Once our crabs have been processed and released, our day is over and we each turn in for a few hours of napping before dinner and then blessed sleep overcomes us before a new day begins. Each day is similar in method but oh so different in experience. Some of our sites are more mud than sand and require extra time with each step as I drag myself one mud-sucking step at a time to the next bag location. The bouts of rest between each site aboard the sciff are welcome not only for my weary feet but also for the amazing opportunity to observe every ounce of movement in this cornucopia of natural wild-life.
It is during one of these rest periods that I spot my first flock of Cormorants. Shiny and brownish black, I hear them before I see them. A soft whistling approaches behind me and then suddenly an immense flapping. I spin in my sopping wet swivel seat aboard the boat to witness a shimmering halo of birds. There must be 7 flocks of them. Swooping in two or three rows, they flap tirelessly above the water and are heading straight for me. I watch, fascinated as they lift up enough to fly nearly directly over me in their quest for the north. I find the direction odd and make a note to look into it later only to be surprised by a massive influx of even more Cormorants.
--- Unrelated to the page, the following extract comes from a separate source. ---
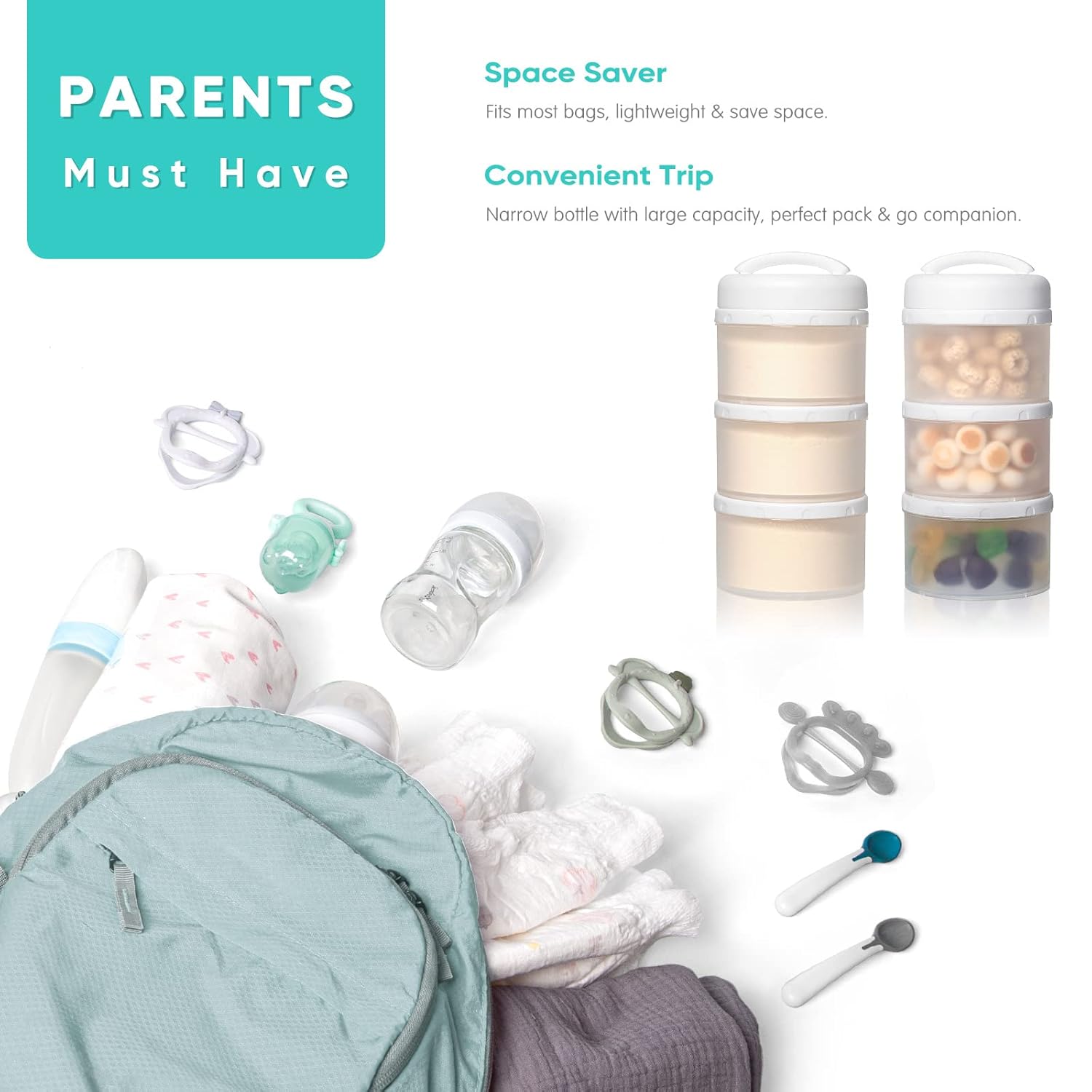 - Safe and Portable: The formula container is made of food-grade pp plastic, BPA free. Each container can hold 60g/ 2.1 oz milk powder. Easy baby feeding and parents stress free.

I watch as an innumerable amount fly by, hardly deigning to notice one tiny human bobbing on the water. When it is done I realize that this experience alone has made the trip worth every ounce of mud-slogging.
Cormorants are not the only organisms I am treated to observing over the four days in our small boat: Powerful bald eagles swoop to the surface of the water and fly off with their trophies of fish, blue-grey herons stalk the shallows gracefully only to swoop into the air with a harsh, nearly human scream when startled, harbour seals pop up from under the surface of the water and then seemingly teleport away just as swiftly, terns and gulls flit overhead, oysters spit water at passers-by, sea sponges, clams, fishes, algae, sea grasses, dead man's fingers; each organism holding me mesmerized by it's unique properties.
At the end of our trip, as we pack up to leave I am exhausted and grateful to be heading back toward Newport. I am already looking forward to my next excursion with anticipatory hopes of more observations to add to my internal research notes. I stare up at the pregnant grey-black clouds and through weary eyes find patterns and shapes resembling the organisms I've seen. With a smile, I lean back in the large white truck we are taking to Hatfield, raise my sand-ridden hand to wave goodbye to my first foray into the field and settle in for the long ride back into the great grey yonder.